Records from a dataset:
● ● ●

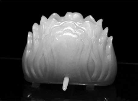 Гуань – это древний мужской головной убор. Лепестки лотоса на нем выгравированы симметрично друг другу, небольшое круглое отверстие в нижней части убора соответствует другому в задней его части и предназначено для специальной булавки из белой яшмы. Все линии изделия плавны и округлы, его принято тщательно полировать
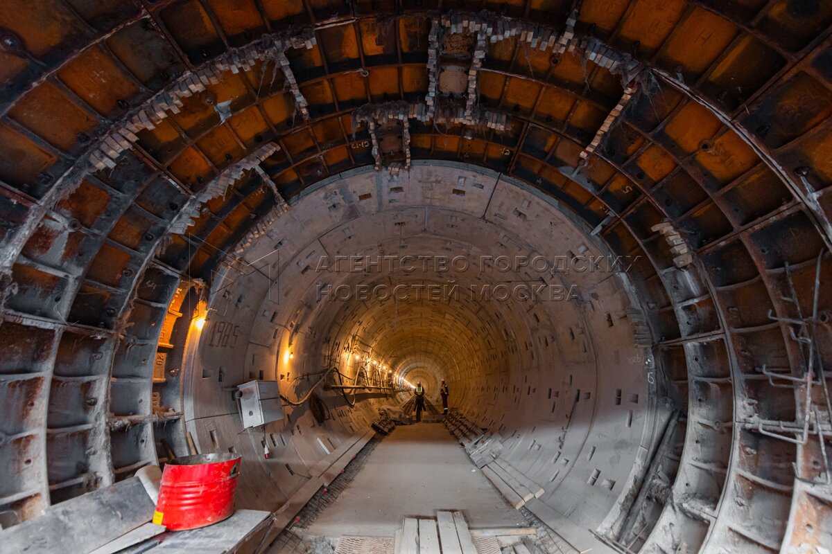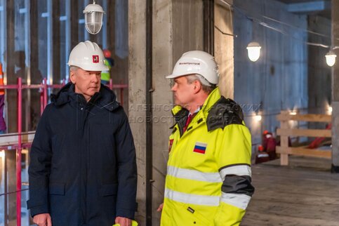 Мэр Москвы Сергей Собянин (справа) во время осмотра строящейся станции «Лианозово...
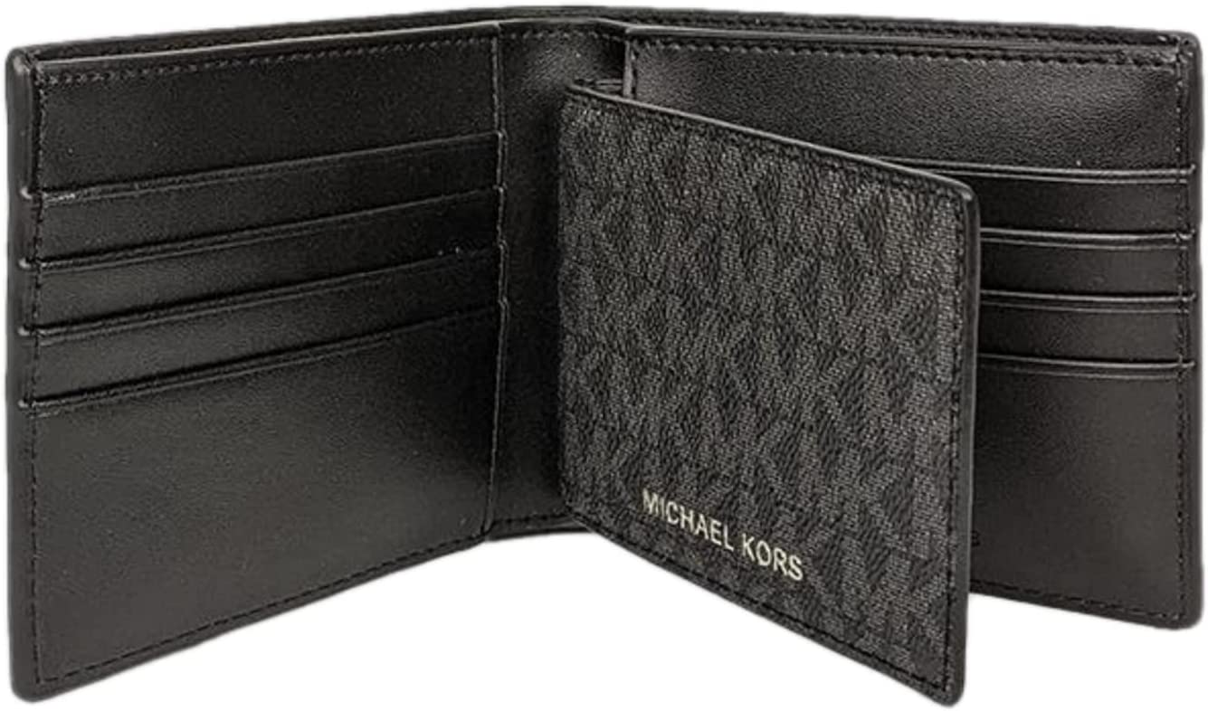 - Men's bifold wallet with subtle monogram print textured PVC coated canvas exterior
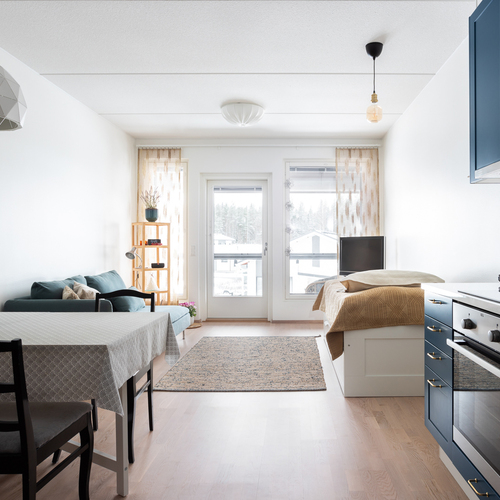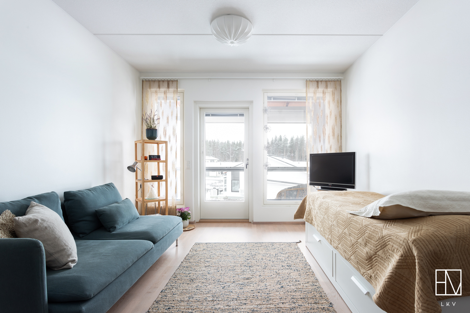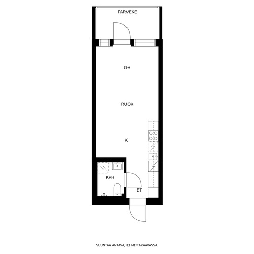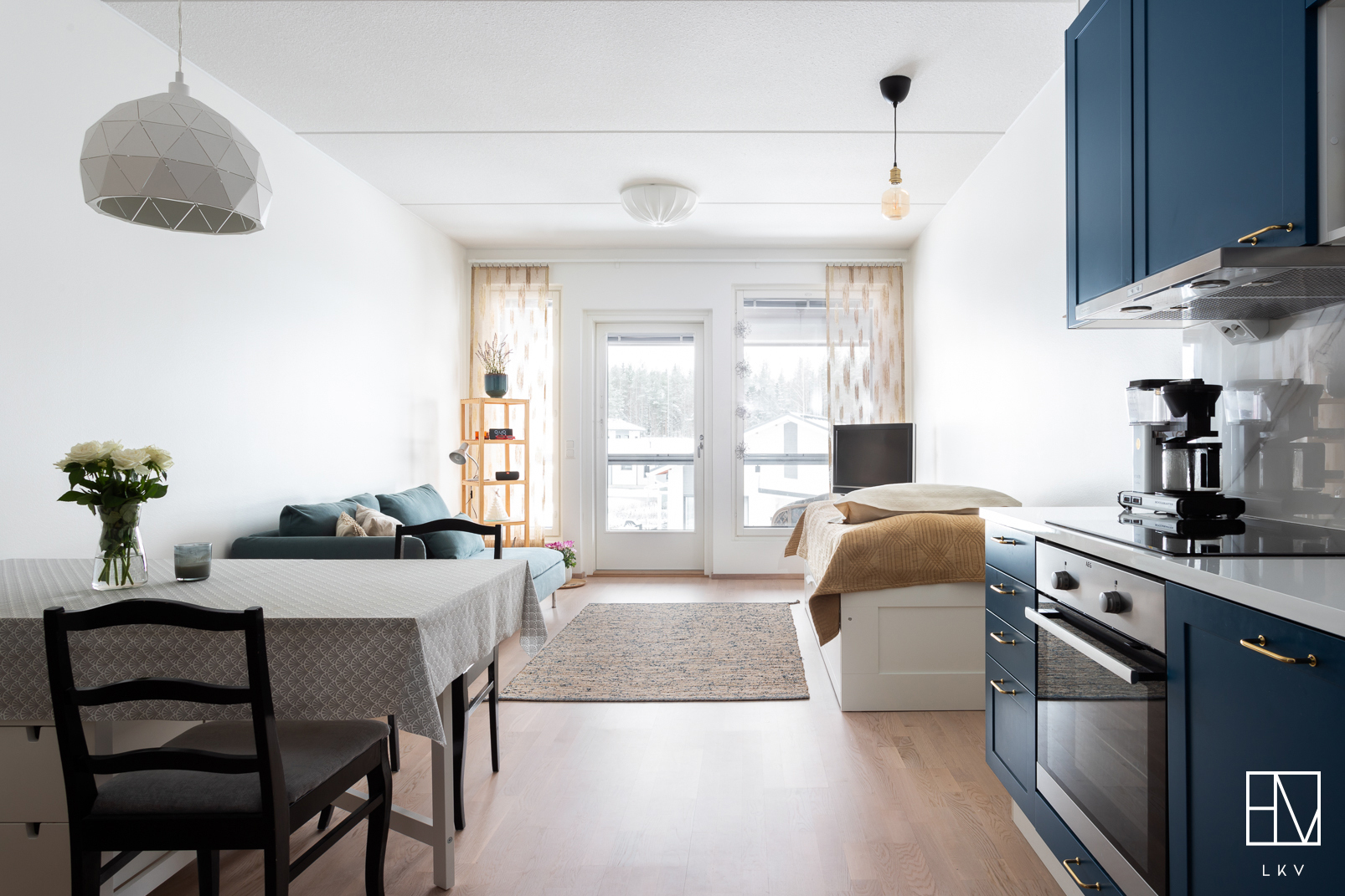 Eteisessä on käytännölliset kaapistot ja eteisen lattia on laattaa. Keittiössä on tarvittavat kodinkoneet ja mukavasti kaappitilaa. Avara tila on mahdollista kalustaa monin eri tavoin. Huoneen perältä on käynti koko asunnon levyiselle lasitetulle parvekkeelle.
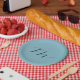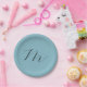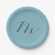 Prato De Papel Monograma, Pastel Azul Sólido, profissional minima
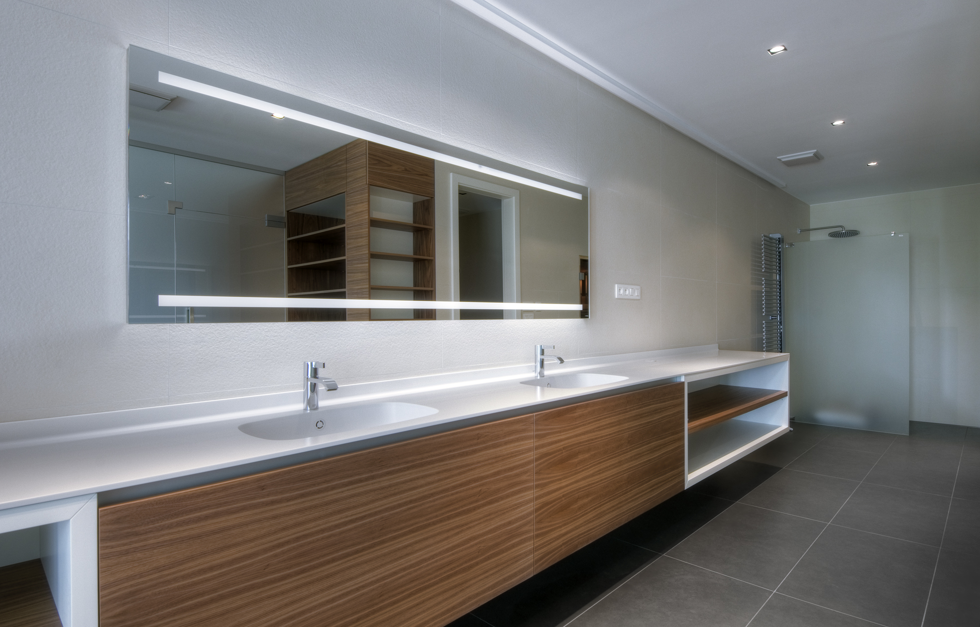 V interiéri prevláda biela farba. Bielym stenám sekunduje textúra veľkoplošných dyhovaných drevotrieskových dosiek. V kúpeľniach je použitý sivý keramický obklad.
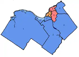 Map of the region's ridings in 1980. Colours show the result from the 1980 election
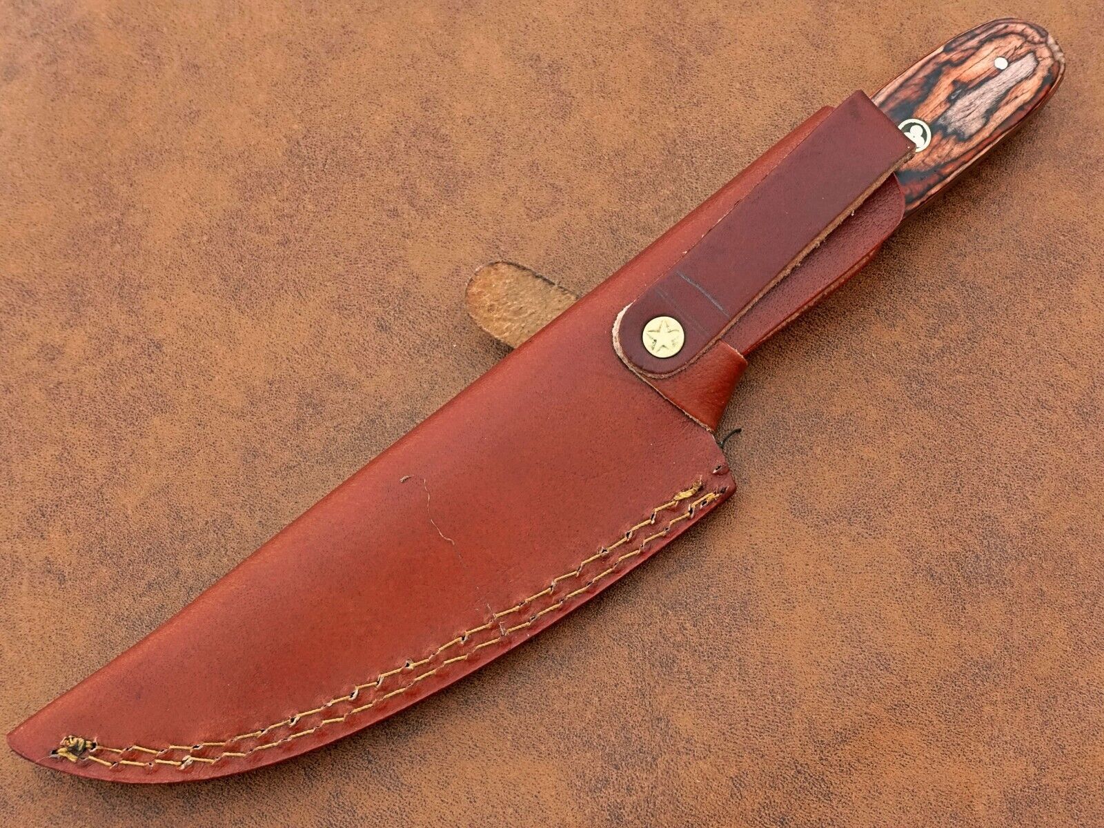 This Custom Handmade Forged Damascus Steel Chef Knife is a premium kitchen tool, meticulously handcrafted for chefs, collectors, and gift-givers alike. Made from high-quality Damascus steel, the knife features a 6.5-inch blade with a Rockwell hardness of 55-60 HRC, ensuring a razor-sharp edge that lasts. The 5-inch multi-color Pakka wood handle with steel bolster offers a secure, comfortable grip and is reinforced with steel pins for added durability. Measuring 11.5 inches overall, this knife is perfect for professional chefs, home cooks, and as a personalized gift for weddings, anniversaries, birthdays, or holidays. Each knife is a unique piece, combining functionality, beauty, and craftsmanship, making it an honored choice for culinary masters and loved ones.
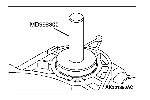 Use special tool MD998800 to tap the oil seal into the torque converter housing.
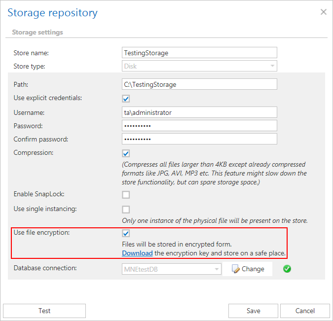 ✓ Disk storage encryption: Encrypt and store your files in one step. With the new storage encryption option, it is easy to add an additional level of security to your archive.
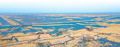 沿路前行,柳樹伸展著柔嫩的枝條;木棧橋兩側(cè),蘆葦隨風(fēng)搖曳。淺灘之上,鷗鳥群集,鳴叫聲此起彼伏。

● ● ●

Taking the entries above, extract every line from the one bearing "Eteisessä on käytännölliset" through the one bearing "Map of the region's", exactly, with no pictures.

**Task response**
 Eteisessä on käytännölliset kaapistot ja eteisen lattia on laattaa. Keittiössä on tarvittavat kodinkoneet ja mukavasti kaappitilaa. Avara tila on mahdollista kalustaa monin eri tavoin. Huoneen perältä on käynti koko asunnon levyiselle lasitetulle parvekkeelle.
 Prato De Papel Monograma, Pastel Azul Sólido, profissional minima
 V interiéri prevláda biela farba. Bielym stenám sekunduje textúra veľkoplošných dyhovaných drevotrieskových dosiek. V kúpeľniach je použitý sivý keramický obklad.
 Map of the region's ridings in 1980. Colours show the result from the 1980 election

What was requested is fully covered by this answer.